The GOP's Immigration Problem Goes Way Beyond Immigration

| Fri Nov. 9, 2012 12:02 AM PST

Losing a couple of elections in a row to a radical socialist can apparently make your life flash before your eyes. Here is Sean Hannity on immigration:

We’ve got to get rid of the immigration issue altogether. It’s simple to me to fix it. I think you control the border first. You create a pathway for those people that are here. You don’t say you’ve got to go home. And that is a position that I’ve evolved on. Because, you know what, it’s got to be resolved. The majority of people here, if some people have criminal records you can send them home, but if people are here, law-abiding, participating for years, their kids are born here, you know, it’s first secure the border, pathway to citizenship, done, whatever little penalties you want to put in there, if you want, and it’s done.
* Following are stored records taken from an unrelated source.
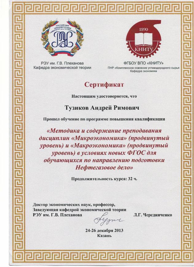 Тузиков Андрей Римович доктор социологических наук, профессор работает в КНИТУ с 1995 года. После защиты докторской диссертации в 2004 году был избран деканом факультета, а в 2005 году заведующим кафедрой, которыми он успешно руководит и в настоящее время. Общий стаж работы в системе высшего образования 25 лет Большую организаторскую работу он успешно сочетает с активной научно-исследовательской работой по изучению идеологических, социально-культурных, социально-политических и социально-экономических процессов в современном российском обществе. Диапазон научных исследований профессора Тузикова А.Р. охватывает исследования перспективных проблем, связанных с идеологической легитимацией новой российской государственности, идеологией и институтами инновационного развития, геополитикой, социологией массовых коммуникаций, информационно-идеологической безопасности нашей страны, социологией массового спорта, реформированием высшего образования, экономической социологией, социологией общественного здоровья и культуры. Методологические основы теорий идеологии в социологической науке явились предметом докторской диссертации, которая была защищена в Институте социально-политических исследований РАН в 2003 году и оценена диссертационным советом данного института как новое крупное достижение в разработке теоретических основ технологий идеологического воздействия и развития идеологических институтов в современных обществах. Результаты научных исследований опубликованы в центральных журналах (ПОЛИС, СОЦИС, «Социально-гуманитарные знания», «Политическая наука», «Безопасность Евразии», «Высшее образование в России», «Наука. Политика. Предпринимательство», «Университетское управление» и др.) а также в девяти монографиях. Всего опубликовал более 250 печатных работ. Двукратный лауреат всероссийского конкурса на лучшую научную и учебную книгу (Сочи 2005, 2006). Лауреат третьего конкурса (2004 год) на соискание индивидуальных и коллективных грантов в области общественных и гуманитарных наук (МИОН) проводимого Министерством образования и науки российской федерации при поддержке корпорации Карнеги в Нью- Йорке и фонда Д. и Катрин Макартуров. в рамках данного гранта были осуществлены глубокие исследования потенциала идеологии экстремизма среди молодежи национальных республик Поволжья. Руководил научными исследованиями при поддержке грантов РГНФ (2007-2008), ФЦП Министерства образования и науки (в 2006-2013 гг.) В рамках данных исследований изучены и продолжают изучаться проблемы в области развития отечественного образования, инновационной культуры и идеологии, а также институтов инновационного развития. Результаты отражены в трех коллективных монографиях под его научной редакцией «Регионы России: Общество знания как условие реализации стратегии модернизации и инновационного развития» (2013), «Регионы России: инновационное развитие и модернизация социального управления» (2011), «Регионы России: государственное управление, безопасность и национальные проекты в условиях вызовов ХХI века» (2009) . Имеет опыт участия и руководства международными исследовательскими проектами при поддержке грунтовых программ Алгарыш, фондов Форда, ТЕМУПУС и ДААД. Лауреат международной программы Фулбрайт. Проводил исследования и стажировался в универс
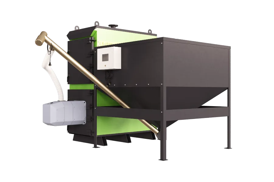 Котел может работать как на пеллетах так и на дровах, для этого требуется комплект колосников*, который устанавливается в топочную камеру. Также котлом можно управлять удаленно, используя интернет модуль, который позволяет контролировать все параметры котла через смартфон в любой точке мира где есть интернет, теперь нет необходимости вызывать специалиста для настройки котла домой, так как все можно настроить удаленно. Также котел данной серии может быть выполнен в компактном исполнении с бункером объемом 1000 л - это сделано для возможности установки пеллетного котла в ограниченном пространстве котельной.
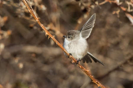 A Captivating Encounter: Magnifying the Beauty of a Gray Bird Perched on a Brown Branch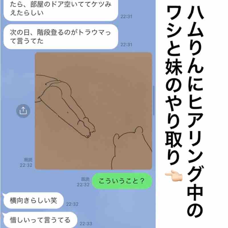 最近妹やんと妹やんの夫・ハムりん🐹から聞いた衝撃エピソードです。
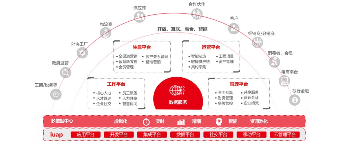 开放互联,融合,云端智能服务,打造数字企业创新平台,重塑企业新技术、新商业的核心竞争力。
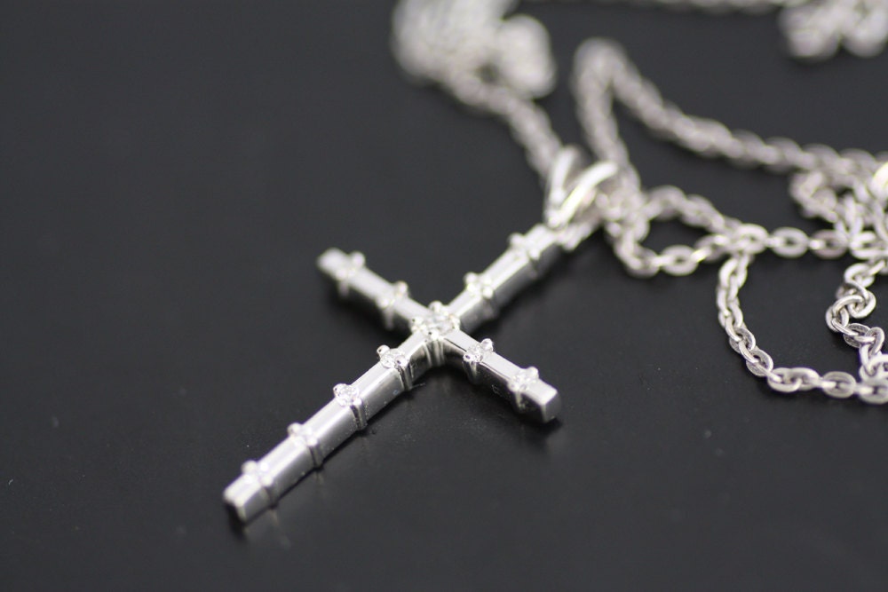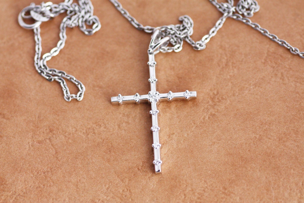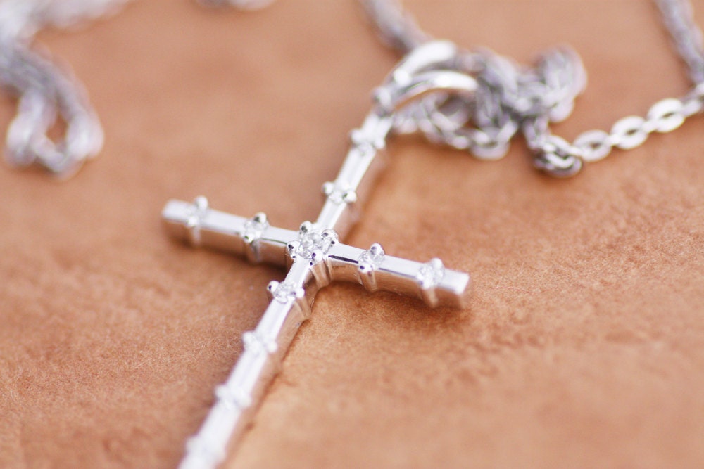 This elegant K18 white gold cross contains 11 round brilliant cut diamonds.The diamonds are VS1 clarity, F colour and 0,15ct weight.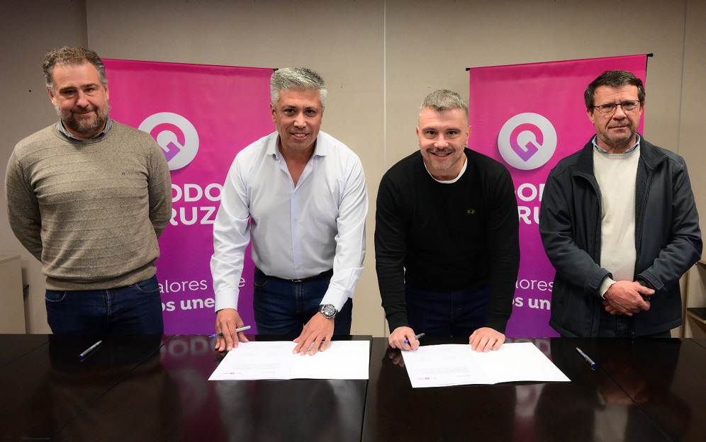Alejandro Zlotolow, Gustavo Aguilera, Diego Costarelli y Leonardo Luconi, durante la firma del convenio

That's a mighty quick evolution! But Matt Yglesias wrote a sharp column yesterday pointing out that a quick pivot on immigration won't be enough to solve the GOP's problem with Hispanics:

The reality is that the rot cuts much deeper. The GOP doesn’t have a problem with Latino voters per se. Rather, it has a problem with a broad spectrum of voters who simply don’t feel that it’s speaking to their economic concerns. The GOP has an economic agenda tilted strongly to the benefit of elites, and it has preserved support for that agenda—even though it disserves the majority of GOP voters—with implicit racial politics.

Consider the GOP’s deeply racialized campaign against Supreme Court Justice Sonia Sotomayor. What was so surprising about this—and I know I’m not the only fair-skinned English-dominant person with a Spanish surname who was genuinely shocked—was that conservatives could have easily opposed her purely on policy grounds. Sotomayor is a fairly conventional Democrat on constitutional issues, and that would have been ample reason for conservatives to criticize her. Indeed, Justice Elena Kagan was attacked on precisely those grounds. But rather than tempering opposition with at least some recognition that Sotomayor’s life story might be a great example for immigrant parents trying to raise children in difficult circumstances, the country was treated to a mass racial panic in which Anglo America was about to be stomped by the boot of Sotomayor’s ethnic prejudice. The graduate of Princeton and Yale Law, former prosecutor, and longtime federal judge was somehow not just too liberal for conservatives’ taste but a “lightweight” who’d been coasting her whole life on the enormous privilege of growing up poor in the South Bronx.

I know they don't want to hear this, and I know that a lot of Republicans are deeply invested in a belief that liberals, not conservatives, are the real racial scaremongers. And I also know that it's almost impossible to talk about this because even the slightest suggestion of racial hostility is instantly toxic.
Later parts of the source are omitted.